Exercise objective ->
Output each record exactly as given. Leave out every picture.

[Material for this exercise — start]

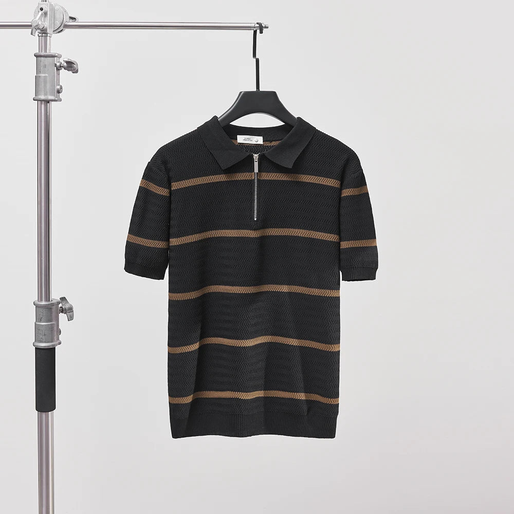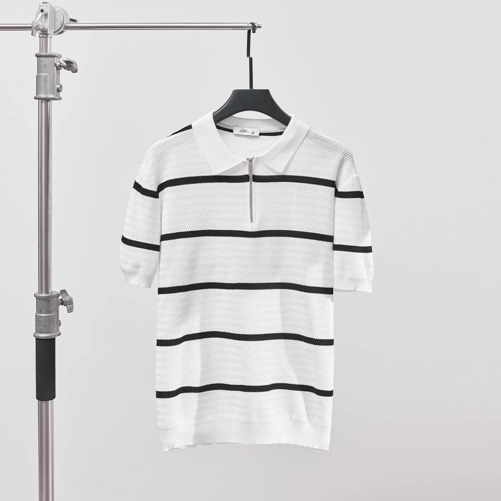 Crafted from ultra soft, lightweight cotton, our best selling Damasco Polo brings sharp lines and elevated ease to warm-weather dressing. With its structured zip collar, wide stripe pattern, and tailored fit, it carries the kind of quiet confidence made for long city days and after-dark plans.
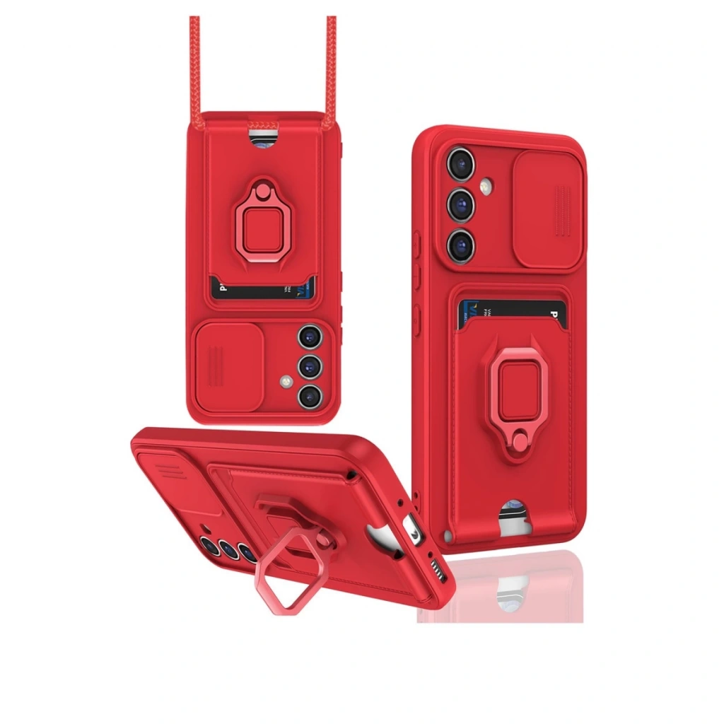 Samsung Galaxy A25 5g Kılıf Zuma Kartvizitli Yüzüklü Silikon - Kırmızı
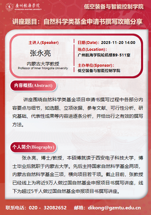 上一条:学术讲座预告:张国斌《Joint Trajectory and Beamforming Optimization for UAV-Enabled SAGIN》 下一条:学术讲座预告:刘锐哲《颗粒增强铝基复合材料压铸成形研究》
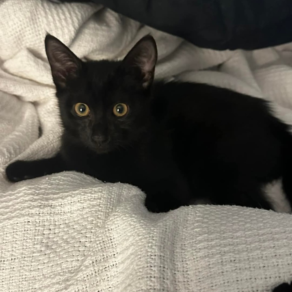 Meet Pantha! This handsome little foodie has a purr as big as his heart. Pantha loves nothing more than a cozy cuddle and can often be found snuggled up on your bed, ready for some love. He’s a friendly guy who enjoys the company of other cats, though he’s still a bit unsure about dogs — especially the bigger ones! With his sweet nature and love for affection (and snacks!), Pantha is ready to find his purr-fect home.
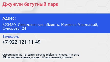 Джунгли, батутный парк по адресу 623430, Свердловская область, Каменск-Уральский, Суворова, 24 в дальнейшем Организация, размещена в следующих категориях:
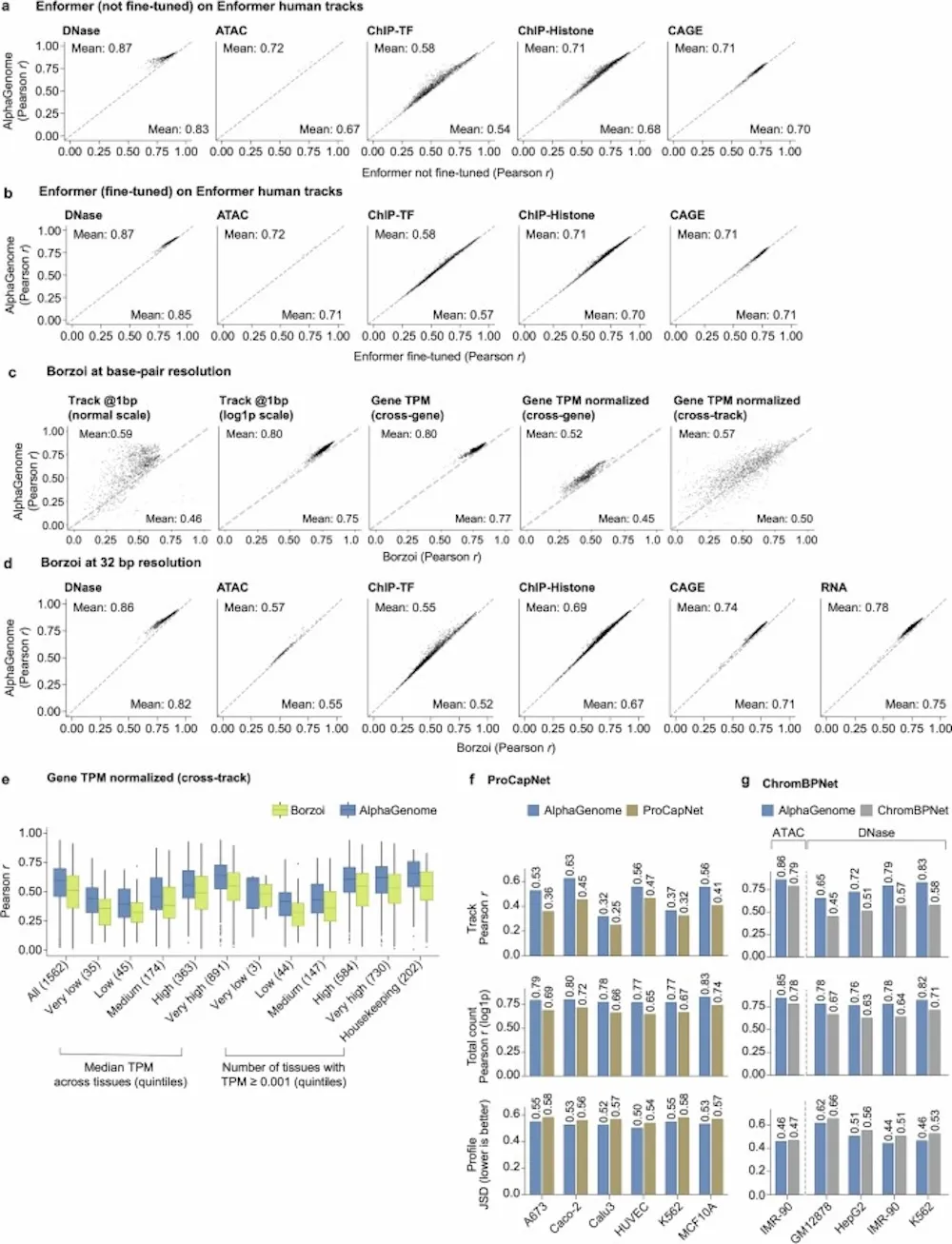 研究团队基因组轨道上的预测性能进行了逐项评估
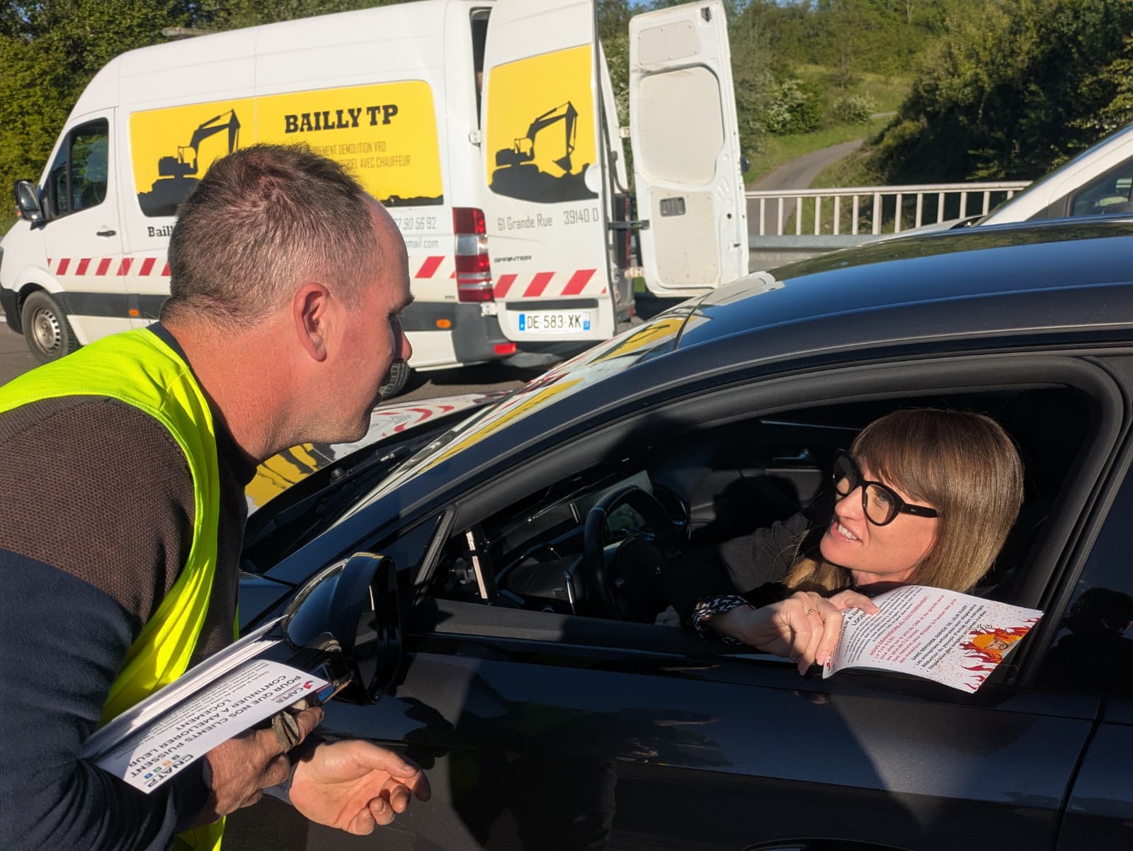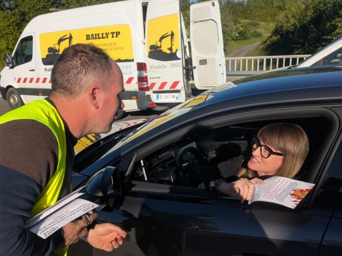 Les artisans distribuaient des flyers aux véhicules ralentis.
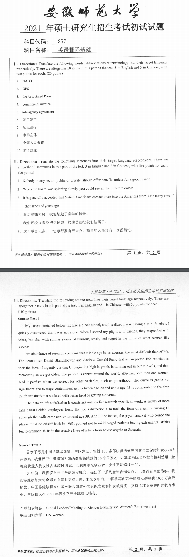 安徽师范大学考研辅导班:2021年安徽师范大学MIT翻译硕士考研357英语翻译基础考试真题

[Material for this exercise — finish]

Solution to this task ->
 Crafted from ultra soft, lightweight cotton, our best selling Damasco Polo brings sharp lines and elevated ease to warm-weather dressing. With its structured zip collar, wide stripe pattern, and tailored fit, it carries the kind of quiet confidence made for long city days and after-dark plans.
 Samsung Galaxy A25 5g Kılıf Zuma Kartvizitli Yüzüklü Silikon - Kırmızı
 上一条:学术讲座预告:张国斌《Joint Trajectory and Beamforming Optimization for UAV-Enabled SAGIN》 下一条:学术讲座预告:刘锐哲《颗粒增强铝基复合材料压铸成形研究》
 Meet Pantha! This handsome little foodie has a purr as big as his heart. Pantha loves nothing more than a cozy cuddle and can often be found snuggled up on your bed, ready for some love. He’s a friendly guy who enjoys the company of other cats, though he’s still a bit unsure about dogs — especially the bigger ones! With his sweet nature and love for affection (and snacks!), Pantha is ready to find his purr-fect home.
 Джунгли, батутный парк по адресу 623430, Свердловская область, Каменск-Уральский, Суворова, 24 в дальнейшем Организация, размещена в следующих категориях:
 研究团队基因组轨道上的预测性能进行了逐项评估
 Les artisans distribuaient des flyers aux véhicules ralentis.
 安徽师范大学考研辅导班:2021年安徽师范大学MIT翻译硕士考研357英语翻译基础考试真题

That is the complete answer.